L'Écume des jours ne sera reconnu par son public qu'à la fin des années 1960 avant de devenir un classique
reconnu dans les décennies suivantes. Boris Vian cite dans l'avant-propos du roman le lieu où il est censé
avoir écrit cet ouvrage (La Nouvelle-Orléans, et d'autres où il n'a jamais mis les pieds Memphis, Davenport)

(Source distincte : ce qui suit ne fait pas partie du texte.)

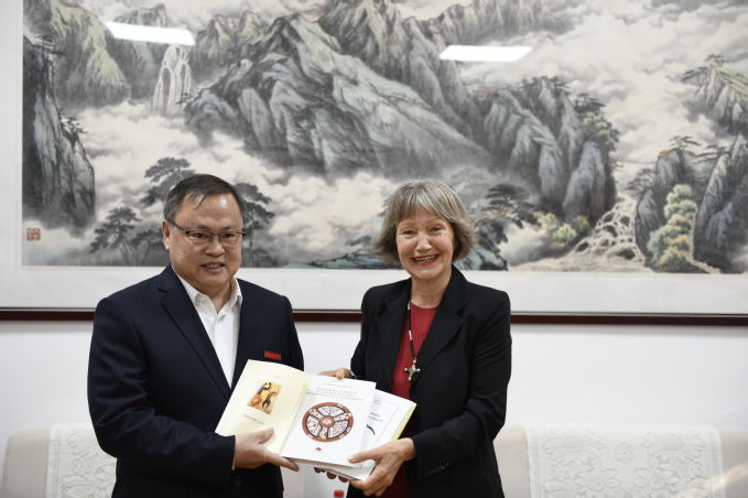 日前卡比利亚陶器捐赠者法籍索菲莫罗女士应邀来校开展了为期一周的访问交流,党委副书记王全进会见来访人员进行座谈交流。
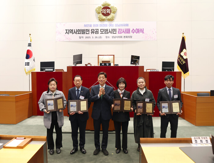 [성남=오왕석 기자] 성남시의회는 28일 본회의장에서 지역사회발전 모범시민 감사패 수여식을 개최했다. 이번 행사는 지역사회를 위해 헌신해 온 시민들에게 감사의 마음을 전하고, 그 노고를 격려하기 위해 마련됐다.
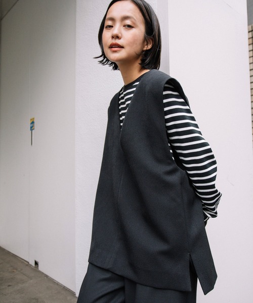 □2022 AUTUMN & WINTER COLLECTION□◆ゆったりとしたサイジングで深めのVネックが大人の女性らしい抜け感を演出するジレ◆<MATERIAL>梳毛のようなナチュラルなムラ感のある特殊なポリエステル糸を二重織にすることで、他にはない厚みとハリ感に仕上げた素材。上品できれいめに着られる大人の女性らしい雰囲気になっています。また、裏側の緯糸には赤外線を効率よく熱放射することができるウォーム素材のナノヒーティングを使用。軽い着心地と暖かさを兼ね備えた新素材です。<DESIGN>梳毛ライクでふくらみのあるナチュラルなニュアンスのポリエステル素材で作ったジレ。シャツ合わせやタートルネックのニット・カットソー、とろみのある素材のワンピースなどと合わせて着回しのできるアイテムです。アームホールもゆったりめに設定しているので袖のサイズにゆとりのあるアイテムにも重ねられます。コバステッチなどは一切入れず、つるりと上品な表情にしたのがこだわりです。着丈にも前後差を付けスリットを入れて動きのあるレイヤードスタイルに。裏地付きなので着心地も良いアイテムです。<COLOR>■ブラック:ベーシックなブラック。どんなスタイリングでも合わせやすく、細見えするカラーです。■グレイッシュベージュ:落ち着いたやさしい色味のグレージュ。女性らしく品よく着られるカラーです。■キャメル:赤みを抑えたキャメル。こなれた印象も演出できるおしゃれ見えするカラーです。※光のあたり具合いやパソコンなどのモニター環境によって実際の色味と異なって見える場合がございますので、予めご了承ください。※着用商品はサンプルです。サイズ等の仕様に若干の変更がある場合がございますので、予めご了承ください。*お取扱いについては、商品についております品質表示、アテンションタグにてご確認ください。洗濯:ドライクリーニング.............................≪INFORMATION ≫............................▼商品のお気に入り登録▼『♡』マークを押してお気に入り登録して頂いた商品は、セール開催の通知やクーポン発行などのキャンペーンなど、お得な情報をいち早く受けとる事が出来ますので、ぜひご登録ください。
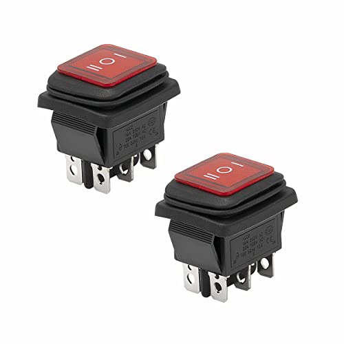 Kofelec Interruttore a bilanciere, interruttore ON-Off-ON, DPDT, 16A 250VAC, 6 pin 3 posizioni, con impermeabile, Rosso 2 pezzi
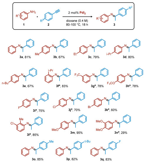 Once the best reaction conditions (Table 1, entry 6) were determined, we then investigated the scope for variously substituted anilines (1) and arylacetylenes (2) (Scheme 1). In general, the yields attained using PdI2 as catalyst were comparable with the ones achieved with the previously employed more complex catalytic systems [30]. For example, different alkyl chains at the para position of the aniline provided good yields, irrespective of the length of the chain (yields of 3b, 67%; 3c, 79%; 3e, 67%) or the steric hindrance (3d, 80%). Interestingly, an isopropyl group at the ortho position of the aniline also allowed an excellent product yield (3f, 83%). Fluoro-containing groups were well tolerated under these reaction conditions, regardless of their position or electronic properties. With a CF3 group at the meta position, the expected imine 3g was formed in 78% yield, and the same result was observed starting from the aniline ring bearing an OCF3 substituent para to the NH2 group (3h, 78%). para-Substituted anilines with fluoro, chloro, or bromo smoothly underwent the hydroamination, resulting in 75% (3i), 70% (3j), and 60% (3k) yields of the desired imines, respectively. Even a disubstituted aniline, such as 2-methyl-3-chloroaniline, behaved nicely, providing the corresponding product 3l with 85% yield. The OMe substituent in para position on the aniline ring led to 95% yield of 3m, while the presence of two OMe groups caused a significant decrease of the yield (3n, 29%).
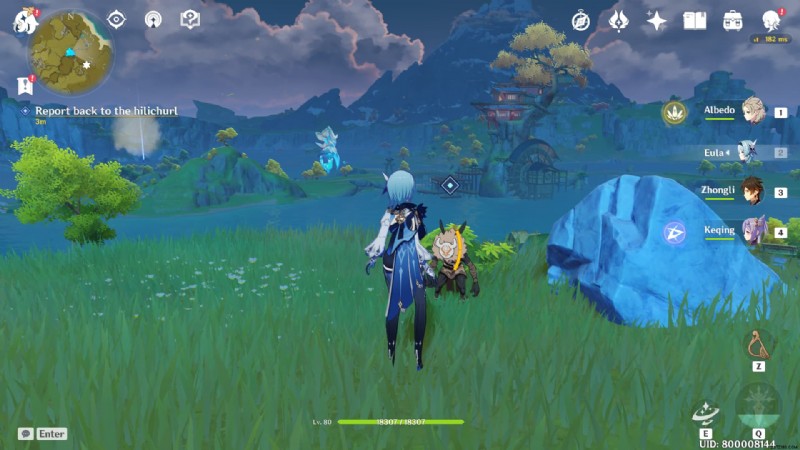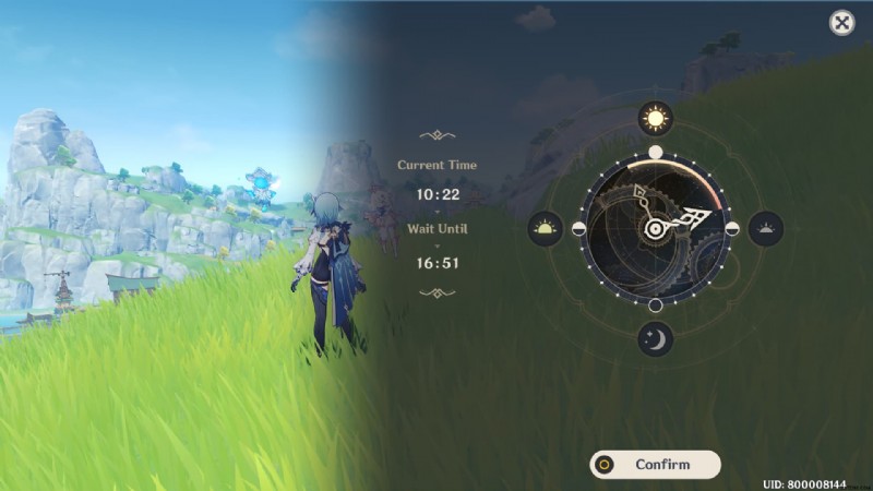 パイモンのメニューを開く 時間を 16:50 に変更 または 16:00 から 17:00 の間のその他の時間。マークされた場所に移動すると、珍しい Hilichurl を見つけることができます。
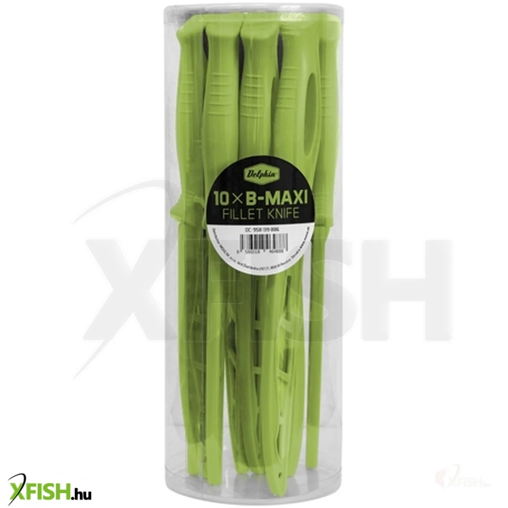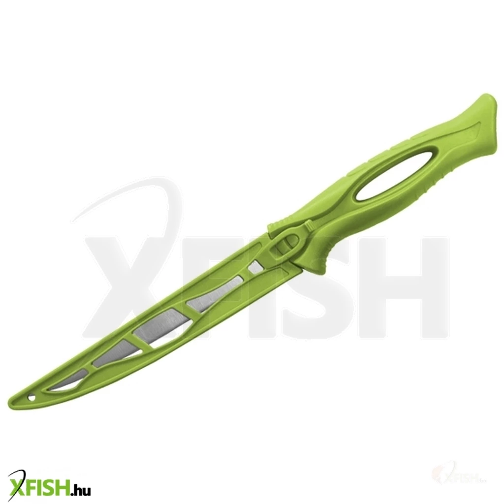 Egyszerű filéző kés B-MAXI extra flexi pengével, melynek segítségével gyorsan kifilézi a halat vagy elkészíti a húst. A penge és a tok kirívó zöld színű, így nem veszik el a horgász kellékei között. Nagyszerűen megállja a helyét műhelyében vagy kertjében is. Nagyon könnyű, biztonságos műanyag tokkal kapható.
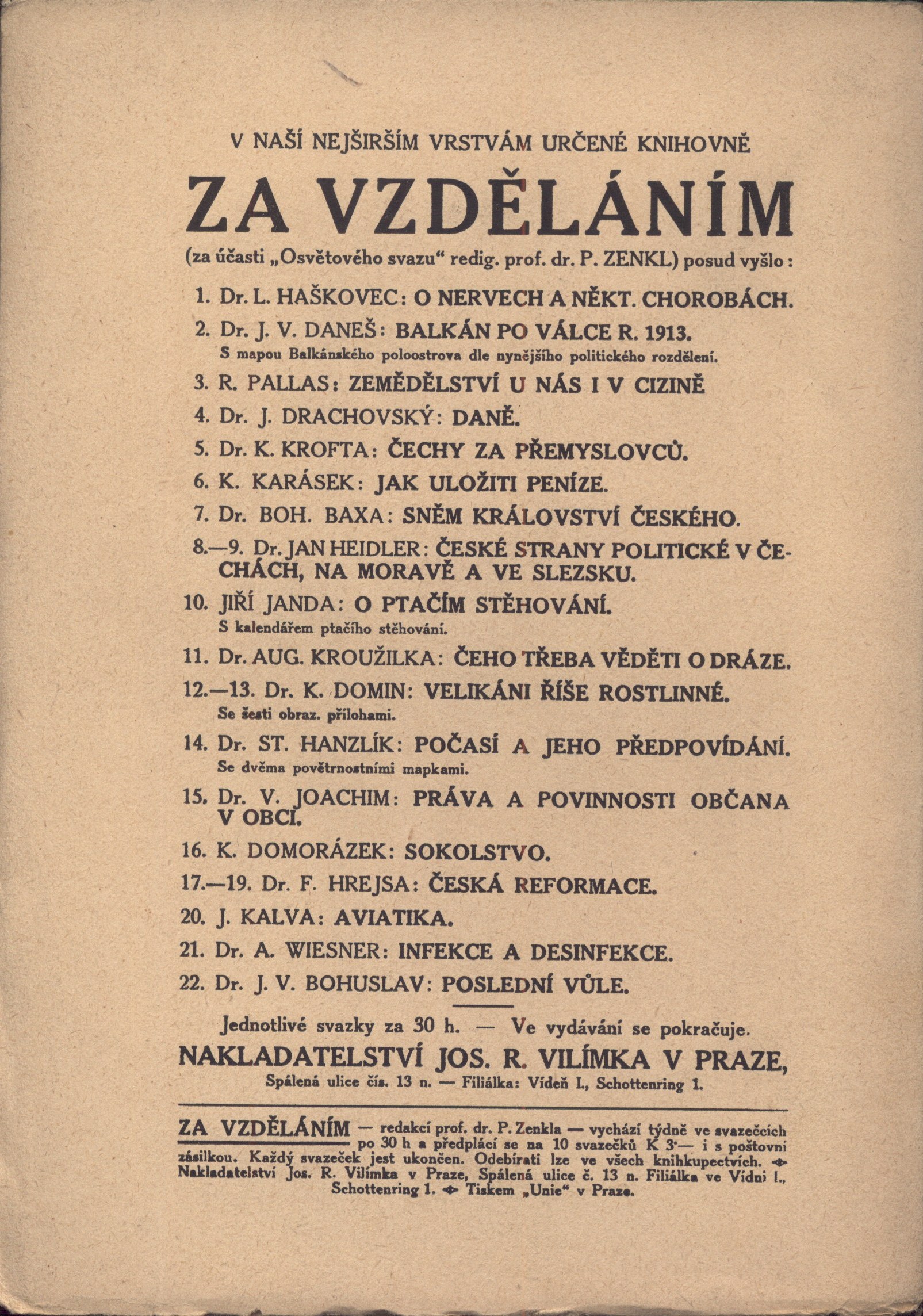Názvové údaje Sebeochrana a pohlavní zdravověda : svědomité a prospěšné rady i předpisy při všech nemocech pohlavních, poučení o pohlavní dospělosti, lásce a manželství, jakož i o následcích onanie, pohlavních výstředností a nákazy : s mnoha novými vyobrazeními / N. Batista ; k třetímu vydání upravil a náležitě doplnil Dr. L. Svoboda Osobní jméno Batista, N. (Autor) Další autoři Svoboda, L. (Sestavovatel, kompilátor) (Autor úvodu atd.) Korp. Rudolf Storch (firma) (Nakladatel, vydavatel) Carl Bellmann (nakladatelství) (Tiskař) Nakladatel V Praze-v Karlíně : Nakladatel Rudolf Storch, knihkupec, [1920] Výrobce Tiskem Karla Bellmanna) Rozsah 173 s. : il. ; 8° Klíčová slova osvětová literatura * naučná literatura * zdravověda * ochrana * sebeochrana * rady * předpisy * pohlavní choroby * pohlavní život * pohlavní dospělost * láska * těhotenství * manželství * r. 1920 Počet ex. 1, z toho volných 1 Druh dok. monografie Signatura AVrbova 324 Názvové údaje Dějiny řádu Tovaryšstva Ježíšova a jeho působení vůbec a v zemích království Českého zvláště / sepsal Tomáš V. Bílek Osobní jméno Bílek, Tomáš V. (Autor) Další autoři Dr. František Bačkovský (nakladatelství) (Nakladatel, vydavatel) Knihtiskárna B. Grunda a V. Svatoně (Tiskař) Nakladatel V Praze : Frant. Bačkovský, 1896 Výrobce Na Král. Vinohradech : Knihtiskárna B. Grunda a V. Svatoně Rozsah 550 stran ; 23 cm Klíčová slova české země * dějiny Čech * Tovaryšstvo Ježíšovo * jezuité * rekatolizace * řeholní řády Počet ex. 1, z toho volných 1 Druh dok. monografie Signatura M 121 e 16 Názvové údaje Poslední vůle / napsal Jos. V. Bohuslav Osobní jméno Bohuslav, Josef Václav, 1863-1952 (Autor) Další autoři Jos. R. Vilímek (nakladatelství) (Nakladatel, vydavatel) Unie (tiskárna) (Tiskař) Nakladatel V Praze : Nakladatel Jos. R. Vilímek, [1914?] Výrobce V Praze : tiskem Unie Rozsah 34 stran ; 20 cm Klíčová slova česká literatura * právníci * rady * poslední vůle * populárně naučná literatura * r. 1914 Počet ex. 1, z toho volných 1 Druh dok. monografie Signatura C12b 16625 Odkazy (1) - Monografie Názvové údaje Život svatého otce Františka zakladatele řádu bratří menších / sepsaný svatým Bonaventurou / z latiny přeložil Antonín L. Stříž ; [dřevoryty vyzdobil Ferdiš Duša] Autor Bonaventura, svatý, asi 1217-1274 (Autor) Další autoři Stříž, Antonín Ludvík, 1888-1960 (Překladatel) Duša, Ferdiš, 1888-1958 (Ilustrátor) Korp. Ladislav Kuncíř (nakladatelství a knihkupectví) (Nakladatel, vydavatel) Kryl a Scotti (firma) (Tiskař) Nakladatel V Praze : Ladislav Kuncíř, 1920 Výrobce Kryl a Scotti) Rozsah 147 s. : il. ; 22 s Osobní hesla František z Assisi, svatý, 1182-1226 - italský mnich a světec Klíčová slova křesťanství * italská literatura * náboženská literatura * italští františkáni * řeholní řády * křesťanští řeholníci * katolická literatura * františkánský řád * řeholní život * křesťanská literatura * František z Assisi Počet ex. 2, z toho volných 2 Druh dok. monografie Signatura Holan 151, VHB 3158 Názvové údaje Činnost řeholních řádů a kongregací v Čechách : 1848-1918 / Eliška Čáňová Osobní jméno Čáňová, Eliška, 1925- (Autor) Nakladatel Praha : Státní ústřední archiv, 1997 Rozsah 79 s. Klíčová slova česká literatura * řeholní řády * kongregace * činnost * Čechy * r. 1848-1918 Počet ex. 2, z toho volných 2 Druh dok. monografie Signatura LA, C12b 1758 Názvové údaje Chronologicum Necrologium Abbatum, et Canonicorum Praemonstratensium Sioneorum, qui mox a primo ingressu Sacris Ordinis in Bohemiam, aut Pragae in Monte Sion, aut aliis in locis ad Annum usque 1816 obierunt / descriptum a Godefrido Joanne Dlabacž, Pragae in Monte Sion Canonico, ibidem Bibliothecae Praefecto primo, domesticorum Annalium Scriptore, Regiarum Societarum Scientiarum Pragae in Bohemia, et Gorlicii in Lusatia Sodali, et (pl. Tit.) Archiepiscopi Pragensis Notario publico, et jurato Osobní jméno Dlabač, Bohumír Jan, 1758-1820 (Sestavovatel, kompilátor) (Autor) (Dedikátor) Další autoři Sommerová, Josefa, -1836 (Tiskař) Pfeiffer, Benedikt Jan Nepomucký, 1783-1834 (Dedikant) Korp. Strahovský klášter (Nakladatel, vydavatel) Sommerova tiskárna (tiskařský podnik) (Tiskař) Nakladatel Pragae : [Monasterium Strahoviensis], 1817 Výrobce (Litteris typographiae Sommerianae) Rozsah 96 s. Klíčová slova katolické řády * církevní dějiny * křesťanské kláštery * premonstráti * Strahovský klášter * církevní hodnostáři * úmrtí * stol. 12.-19. * chronologické přehledy * nekrologium * r. 1140-1816 * r. 1817-1897 Počet ex. 2, z toho volných 2 Druh dok. monografie Signatura C12b 10238, L XVII D 28 Názvové údaje Nachricht von dem Praemonstratenser Frauenstifte zu Kaunicz in Mähren / von Gottfried Johann Dlabacž, erstem Bibliothekar des Stftes Strahow, d. Z. Direktor der kön. böhm. Gesellschaft der Wissenschaften : Für die Abhandlungen der königl. böhm. Gesellschaft der Wissenschaften Osobní jméno Dlabač, Bohumír Jan, 1758-1820 (Autor) Další autoři Haase, Bohumil, 1763-1824 (Tiskař) Korp. Strahovský klášter (Nakladatel, vydavatel) Nakladatel Prag : [Strahovský klášter], 1817 Výrobce (gedruckt bei Gottlieb Haase) Rozsah 46, [2] s. ; 8° Klíčová slova české dějiny * církevní dějiny * katolické řády * řeholní řády * premonstráti * klášter premonstrátek * klášter Rosa coeli * Dolní Kounice * studie * r. 1183-1808 Počet ex. 1, z toho volných 1 Druh dok. monografie Signatura PK 0003

aux États-Unis d'Amérique.
Les personnages évoluent dans un univers poétique et déroutant, avec pour thèmes centraux l’amour, la
maladie, le travail, la mort, dans une atmosphère de musique de jazz, de climat humide et marécageux, qui
rappellent les bayous de Louisiane.
Références sur le thème « Ces objets qui nous envahissent ».
Dans L’ÉCUME DES JOURS de Boris Vian (lire surréaliste)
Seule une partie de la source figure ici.